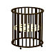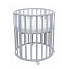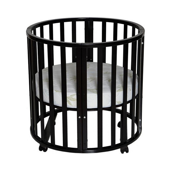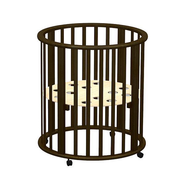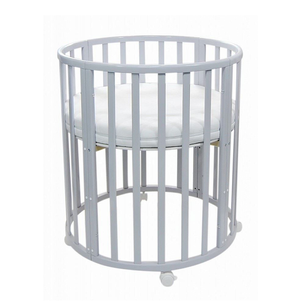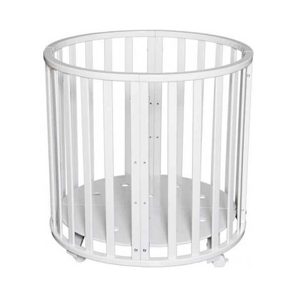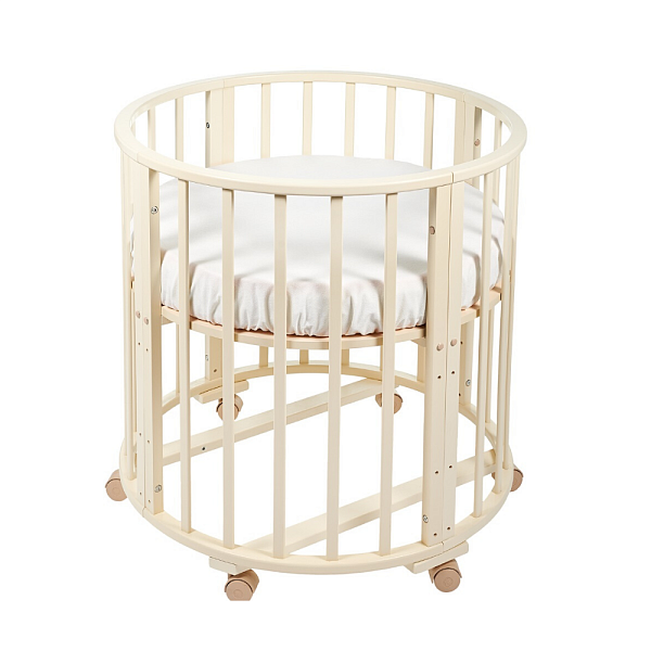 Особенность данной модели заключается в том, что используется для ее производства массив берѐзы бессучковый без стыков и склеек. Кроватка имеет 3 положения днища, и в комплектакции идет 4 колеса на стопорах в цвет кровати. Данная модель обладает большим количеством расцветок, которые все получаются за счет применения красок на водной основе. Сама кроватка собирается сначала в круглую кроватку и пеленальный столик, потом собирается в овальную кроватку. В дальнейшем родители могут сделать из этой мебели столик и два стульчика, которые станут отличным дополнением детского игрового уголка.
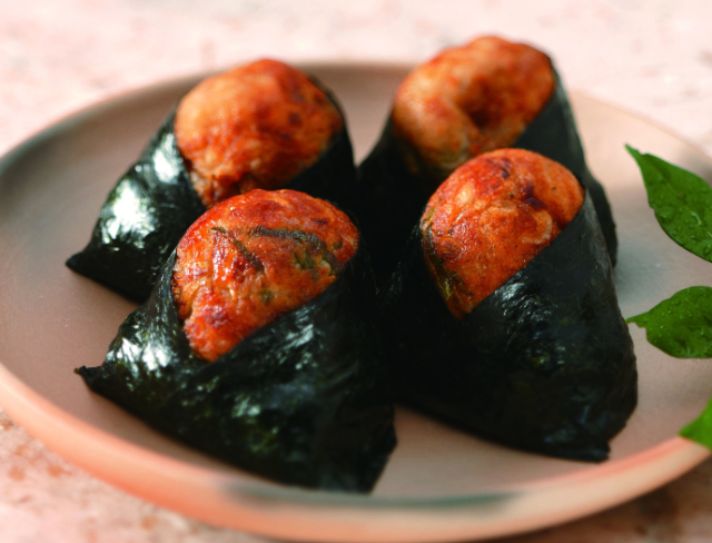 おむすびに合うように開発した和風だし味の特製たこ焼を、伊賀米コシヒカリのご飯と合わせ 「たこむす」 に。食べてみて納得のおいしさです。
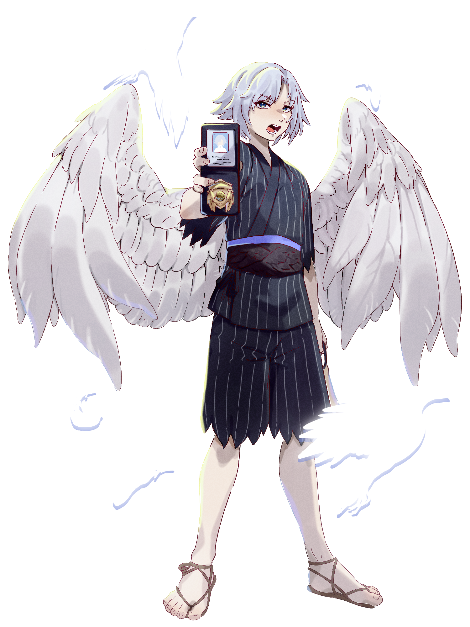 人間災厄『渡り鳥』にして、|警視庁異能捜査官《カミガリ》に特殊な扱いで所属している観察対象。災厄として成立してから有翼の翼を持つが、翼自体が災厄の根源でも在る。光の屈折で色を変える事も可能。災厄能力でわりと一箇所に留まることが出来ない渡り鳥。自身が常に渡り鳥状態であり周囲を放浪状態にさせる災厄。「群れの豹」を意味する家名を持ちながら、その鳥は殆どの場合孤独である。口元を嘴のような口面で隠している。
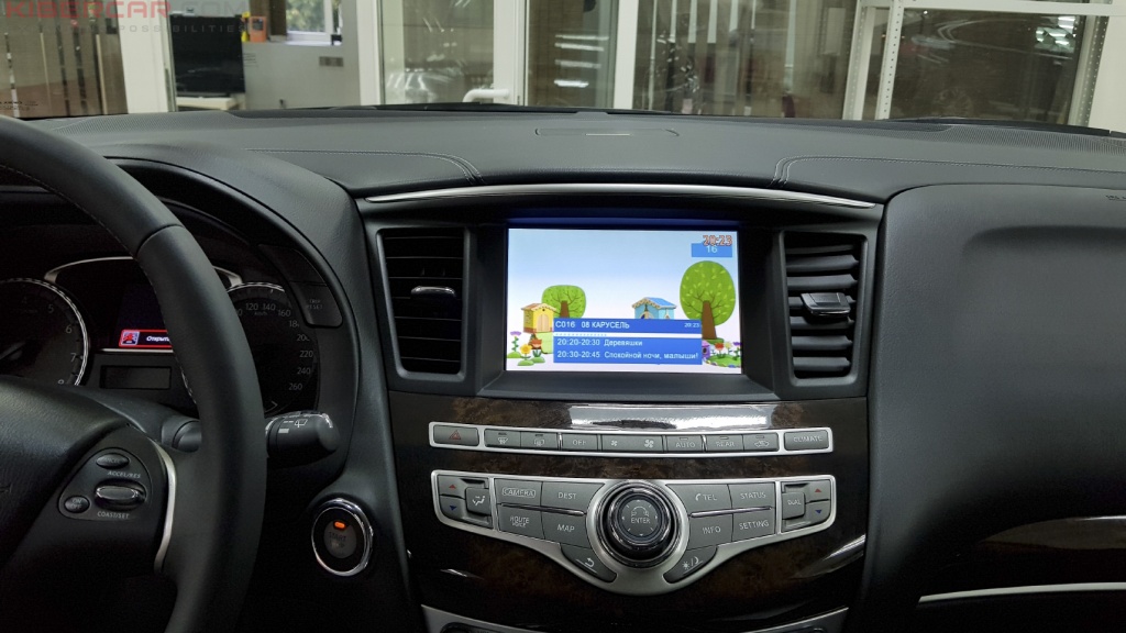 Infiniti QX60 – это огромный с пассажирской точки зрения кроссовер AAA-класса, который радует своих счастливых обладателей вот уже 7 лет. Рестайлинг единственного поколения данного красавца посетил наш установочный центр, дабы в уже переполненный комфортом салон добавить еще одну отличительную черту в виде полноценного телевидения, которое можно использовать во время быстрого движения.
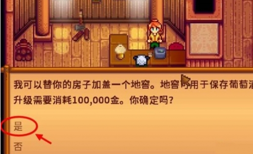 4、點(diǎn)擊“是”扣除金錢,然后從第二天木匠就會(huì)去農(nóng)場蓋酒窖了。
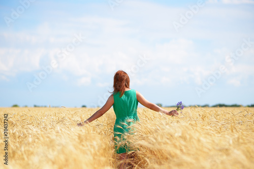 Young woman walking on wheat field
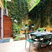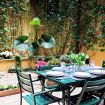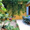 Lungo le pareti del giardino si inerpica una rigogliosa vite americana che rinfresca le giornate estive.
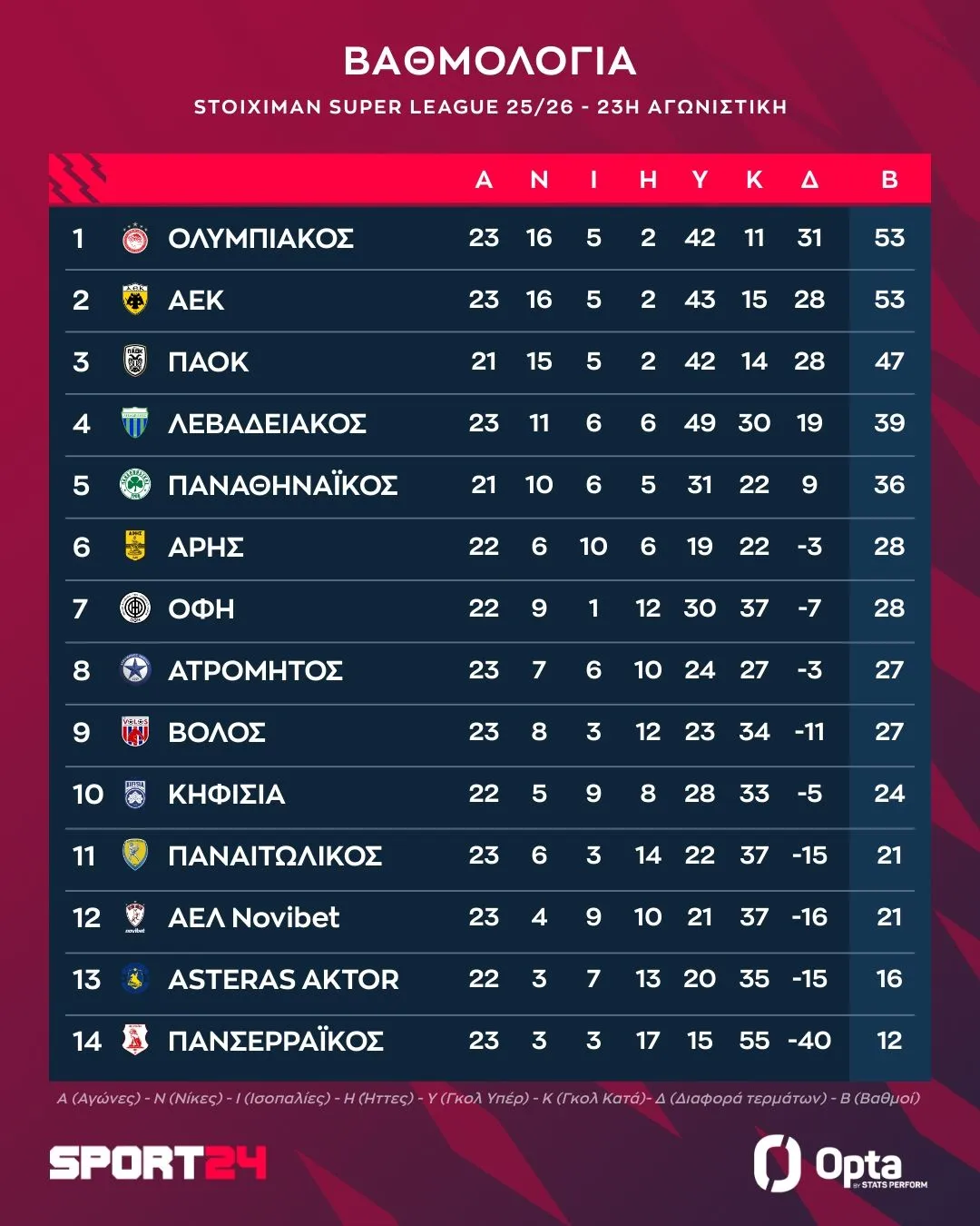 Διαβάστε πώς έχει διαμορφωθεί η βαθμολογία στη Stoiximan Super League μετά την ισοπαλία της ΑΕΚ στο ματς με τον Βόλο για την 23η αγωνιστική.
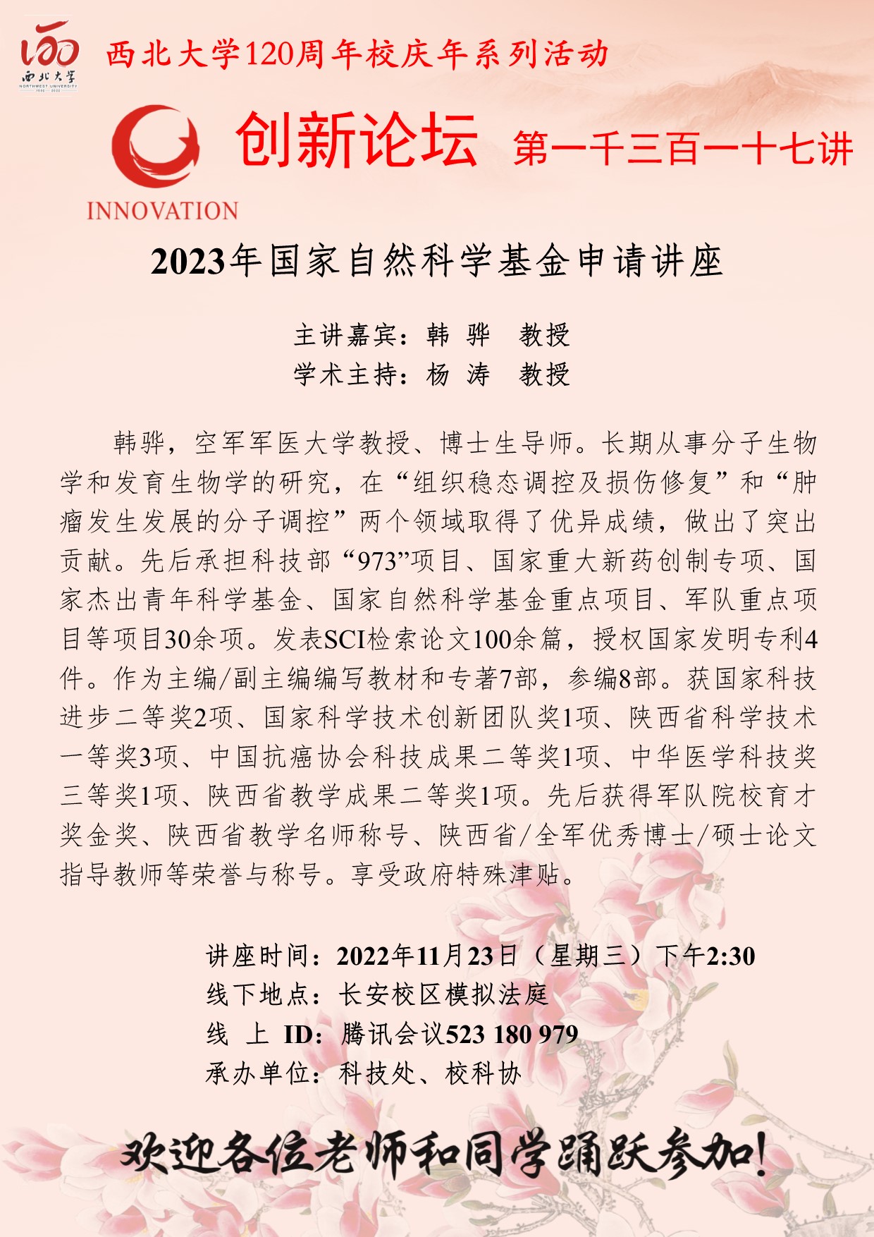 韩骅 教授 伟德国际1949始于英国创新论坛第一千三百一十七讲暨120周年校庆年系列活动:2023年国家自然科学基金申请讲座 讲座时间 2022年11月23日(星期三)下午2:30 讲座地点 长安校区模拟法庭 讲座人介绍 韩骅 教授 讲座内容

> EXERCISE REQUIREMENTS
Pictures aside, reproduce all of the material above without alteration.

> RESULT OF THIS TASK
 Особенность данной модели заключается в том, что используется для ее производства массив берѐзы бессучковый без стыков и склеек. Кроватка имеет 3 положения днища, и в комплектакции идет 4 колеса на стопорах в цвет кровати. Данная модель обладает большим количеством расцветок, которые все получаются за счет применения красок на водной основе. Сама кроватка собирается сначала в круглую кроватку и пеленальный столик, потом собирается в овальную кроватку. В дальнейшем родители могут сделать из этой мебели столик и два стульчика, которые станут отличным дополнением детского игрового уголка.
 おむすびに合うように開発した和風だし味の特製たこ焼を、伊賀米コシヒカリのご飯と合わせ 「たこむす」 に。食べてみて納得のおいしさです。
 人間災厄『渡り鳥』にして、|警視庁異能捜査官《カミガリ》に特殊な扱いで所属している観察対象。災厄として成立してから有翼の翼を持つが、翼自体が災厄の根源でも在る。光の屈折で色を変える事も可能。災厄能力でわりと一箇所に留まることが出来ない渡り鳥。自身が常に渡り鳥状態であり周囲を放浪状態にさせる災厄。「群れの豹」を意味する家名を持ちながら、その鳥は殆どの場合孤独である。口元を嘴のような口面で隠している。
 Infiniti QX60 – это огромный с пассажирской точки зрения кроссовер AAA-класса, который радует своих счастливых обладателей вот уже 7 лет. Рестайлинг единственного поколения данного красавца посетил наш установочный центр, дабы в уже переполненный комфортом салон добавить еще одну отличительную черту в виде полноценного телевидения, которое можно использовать во время быстрого движения.
 4、點(diǎn)擊“是”扣除金錢,然后從第二天木匠就會(huì)去農(nóng)場蓋酒窖了。
 Young woman walking on wheat field
 Lungo le pareti del giardino si inerpica una rigogliosa vite americana che rinfresca le giornate estive.
 Διαβάστε πώς έχει διαμορφωθεί η βαθμολογία στη Stoiximan Super League μετά την ισοπαλία της ΑΕΚ στο ματς με τον Βόλο για την 23η αγωνιστική.
 韩骅 教授 伟德国际1949始于英国创新论坛第一千三百一十七讲暨120周年校庆年系列活动:2023年国家自然科学基金申请讲座 讲座时间 2022年11月23日(星期三)下午2:30 讲座地点 长安校区模拟法庭 讲座人介绍 韩骅 教授 讲座内容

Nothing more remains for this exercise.